> _GOAL OF THE EXERCISE_: Please give back only the lines below from the one containing "Formuesverdien på næringseiendom" to the one containing "亚太地区和北美地区预计将分别", each repeated word for word, both ends included.

> _DATA FOR REVIEW_:
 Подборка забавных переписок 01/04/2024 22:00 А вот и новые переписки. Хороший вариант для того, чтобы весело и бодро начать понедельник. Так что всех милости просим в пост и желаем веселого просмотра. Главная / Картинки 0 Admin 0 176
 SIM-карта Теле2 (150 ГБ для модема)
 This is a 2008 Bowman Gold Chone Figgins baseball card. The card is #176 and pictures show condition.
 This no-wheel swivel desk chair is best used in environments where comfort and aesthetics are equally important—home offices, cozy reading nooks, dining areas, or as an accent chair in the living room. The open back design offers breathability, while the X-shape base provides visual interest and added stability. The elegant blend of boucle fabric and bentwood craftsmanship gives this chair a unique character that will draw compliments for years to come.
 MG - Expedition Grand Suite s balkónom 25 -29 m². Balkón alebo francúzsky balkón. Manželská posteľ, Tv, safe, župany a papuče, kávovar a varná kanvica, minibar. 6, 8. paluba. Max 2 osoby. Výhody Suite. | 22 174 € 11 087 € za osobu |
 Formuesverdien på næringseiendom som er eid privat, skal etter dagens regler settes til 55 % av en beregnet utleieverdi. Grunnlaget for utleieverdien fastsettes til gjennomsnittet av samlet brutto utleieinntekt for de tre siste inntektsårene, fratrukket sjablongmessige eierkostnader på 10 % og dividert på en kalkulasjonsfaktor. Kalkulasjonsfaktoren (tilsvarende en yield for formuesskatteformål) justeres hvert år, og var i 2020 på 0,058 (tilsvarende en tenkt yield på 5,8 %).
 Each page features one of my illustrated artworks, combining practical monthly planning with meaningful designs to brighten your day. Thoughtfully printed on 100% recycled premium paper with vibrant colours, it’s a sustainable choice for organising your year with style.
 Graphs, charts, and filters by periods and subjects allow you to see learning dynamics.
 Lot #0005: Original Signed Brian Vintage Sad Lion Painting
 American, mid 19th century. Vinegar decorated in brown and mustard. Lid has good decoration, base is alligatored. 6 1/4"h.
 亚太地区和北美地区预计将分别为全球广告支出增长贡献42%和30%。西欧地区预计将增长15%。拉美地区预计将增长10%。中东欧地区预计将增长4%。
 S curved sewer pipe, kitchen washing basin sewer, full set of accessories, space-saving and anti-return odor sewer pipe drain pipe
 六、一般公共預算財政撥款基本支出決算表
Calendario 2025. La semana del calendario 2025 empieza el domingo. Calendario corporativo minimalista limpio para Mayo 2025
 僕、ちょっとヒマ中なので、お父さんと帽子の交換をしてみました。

> _RESULT OF THIS EXERCISE_:
 Formuesverdien på næringseiendom som er eid privat, skal etter dagens regler settes til 55 % av en beregnet utleieverdi. Grunnlaget for utleieverdien fastsettes til gjennomsnittet av samlet brutto utleieinntekt for de tre siste inntektsårene, fratrukket sjablongmessige eierkostnader på 10 % og dividert på en kalkulasjonsfaktor. Kalkulasjonsfaktoren (tilsvarende en yield for formuesskatteformål) justeres hvert år, og var i 2020 på 0,058 (tilsvarende en tenkt yield på 5,8 %).
 Each page features one of my illustrated artworks, combining practical monthly planning with meaningful designs to brighten your day. Thoughtfully printed on 100% recycled premium paper with vibrant colours, it’s a sustainable choice for organising your year with style.
 Graphs, charts, and filters by periods and subjects allow you to see learning dynamics.
 Lot #0005: Original Signed Brian Vintage Sad Lion Painting
 American, mid 19th century. Vinegar decorated in brown and mustard. Lid has good decoration, base is alligatored. 6 1/4"h.
 亚太地区和北美地区预计将分别为全球广告支出增长贡献42%和30%。西欧地区预计将增长15%。拉美地区预计将增长10%。中东欧地区预计将增长4%。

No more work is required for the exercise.